Of all the currently described mycobacterial species, ≈60% have caused human diseases. For this reason, modern techniques for faster culture, identification, and drug susceptibility testing are urgently needed in mycobacteriology laboratories (22,25). In addition to the collection of high-quality specimens, timely diagnosis of NTM disease requires regular communication of clinical suspicion to the laboratory staff because optimal recover of some fastidious species requires additional tasks. Routine techniques include microscopy and culture; the latter should be performed by using both liquid and solid media incubated at different temperatures (22). Although optimal recovery for most clinically relevant mycobacteria is obtained at 35C°–37C°, some species (M. hemophilum, M. marinum, M. ulcerans and some species of RGM) require a lower incubation temperature to grow. For this reason, all clinical specimens that may harbor the above species (skin, synovial fluid, and bone) should be cultured at 28C°–30C° and at 35C°–37C°. Use of conventional biochemical and phenotypic tests for the identification of NTM is currently discouraged; more rapid and specific methods are favored, including high-performance liquid chromatography analysis of mycolic acids and commercial molecular assays. These may use either in-solution hybridization (Accuprobe, Gen-Probe Inc., San Diego, CA, USA) or solid-format reverse-hybridization assays (line probe assays) (22).Both techniques are specific, but the latter (in which amplification precedes hybridization) is more sensitive, enabling identification in the early stage of bacterial growth. Finally, gene (16S rDNA) sequencing is required for those species that cannot be identified by the above systems (22). Careful strategies should be recommended for using 16S rDNA sequence analysis databases because public databases may have wrong sequences and commercial ones tend to be underdeveloped and outdated (23,40).
Although NTM cause a broad spectrum of human disease, data on incidence of NTM infections are still lacking, mainly because of the absence of systematic epidemiologic studies, standard case definitions, and accurate mycobacterial identification.
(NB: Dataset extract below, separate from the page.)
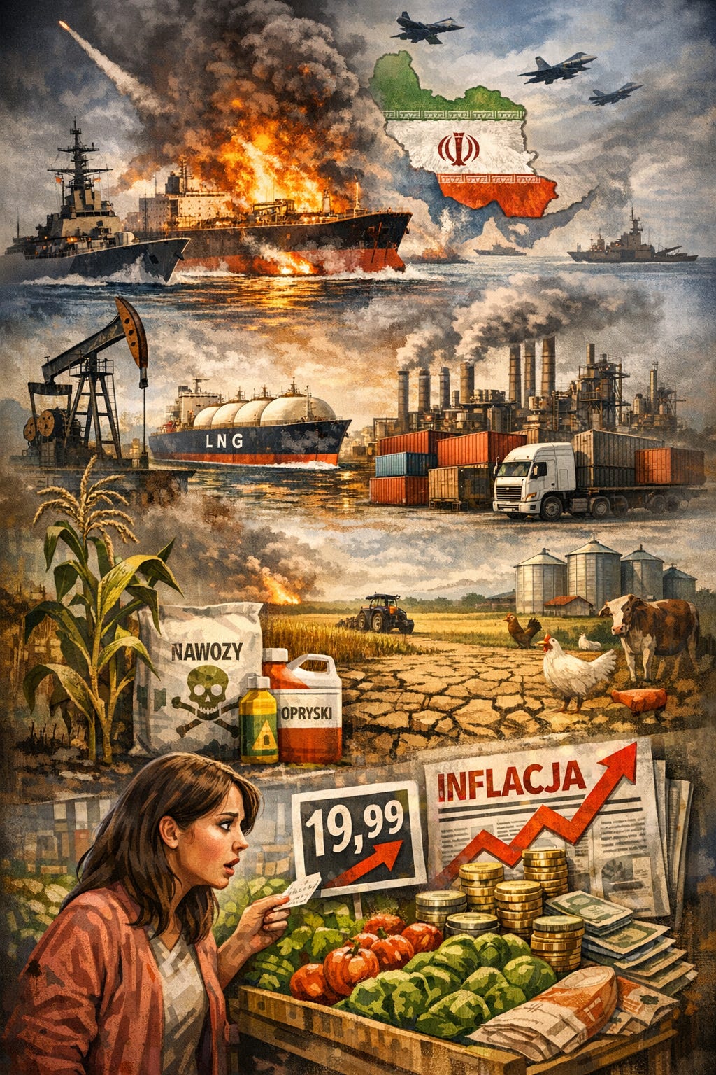 Konflikt wokół Iranu i ryzyko blokady cieśniny Ormuz uruchamia globalny szok energetyczny, który natychmiast podnosi ceny ropy, gazu i transportu. Wysokie koszty energii i logistyki przenoszą się na przemysł chemiczny, ograniczając produkcję nawozów i środków ochrony roślin. Rolnictwo, pozbawione kluczowych nakładów, doświadcza spadku plonów i większej podatności na choroby oraz czynniki pogodowe. W efekcie rosną ceny żywności, a globalny system żywnościowy staje się bardziej niestabilny. Całość procesu napędza trwałą presję inflacyjną i zwiększa ryzyko gospodarcze, społeczne oraz polityczne w wielu krajach.

Furthermore, nonspecific clinical manifestations, lack of familiarity with these infections, and inadequate laboratory services make definitive diagnosis of NTM diseases often delayed or even impossible. Correlation of in vitro susceptibility testing with the clinical outcome, composition and duration of treatment regimens, and use of surgery or other therapeutic approaches are still undefined for most NTM species involved in human diseases. Laboratory research and multicenter controlled trials are needed to improve diagnosis and treatment of extrapulmonary NTM infections.
Dr Piersimoni is a clinical microbiology consultant at the United Hospitals, Ancona, Italy. His primary research interest focuses on diagnostic and clinical aspects of mycobacterial infections.
Dr Scarparo is a medical microbiologist and head of the Clinical Microbiology Laboratory at the Santa Maria della Misericordia University Hospital, Udine, Italy. His primary interests include the epidemiology, diagnosis, and treatment of mycobacterial infections.
- Falkinham JO. Epidemiology of infection by nontuberculosis mycobacteria. Clin Microbiol Rev. 1996;9:177–215.
- Griffith DE, Aksamit T, Brown-Elliott BA, Catanzaro A, Daley C, Gordin F. An official ATS/IDSA statement: diagnosis, treatment, and prevention of nontuberculous mycobacterial disease. Am J Respir Crit Care Med. 2007;175:367–416.
- Marchevsky AM, Damsker B, Green S, Tepper S. The clinicopathological spectrum of nontuberculous mycobacterial osteoarticular infections. J Bone Joint Surg Am. 1985;67:925–9.
- Dobos KM, Quinn FD, Ashford DA, Horsburgh CR, King CH. Emergence of a unique group of necrotizing mycobacterial diseases. Emerg Infect Dis. 1999;5:367–78.
- De Groote MA, Huitt G. Infections due to rapidly growing mycobacteria. Clin Infect Dis. 2006;42:1756–63.
- Lai KK, Stottmeier KD, Sherman IH, McCabe WR. Mycobacterial cervical lymphadenopathy. Relation of etiologic agent to age. JAMA. 1984;251:1286–8.
- Lindeboom JA, Prins JM, Bruijnesteijn van Coppenraet ES, Lindeboom R, Kuijper EJ. Cervicofacial lymphadenitis in children caused by Mycobacterium haemophilum. Clin Infect Dis. 2005;41:1569–75.
- Tortoli E. Impact of genotypic studies on mycobacterial taxonomy: the new mycobacteria of the 1990s. Clin Microbiol Rev. 2003;16:319–54.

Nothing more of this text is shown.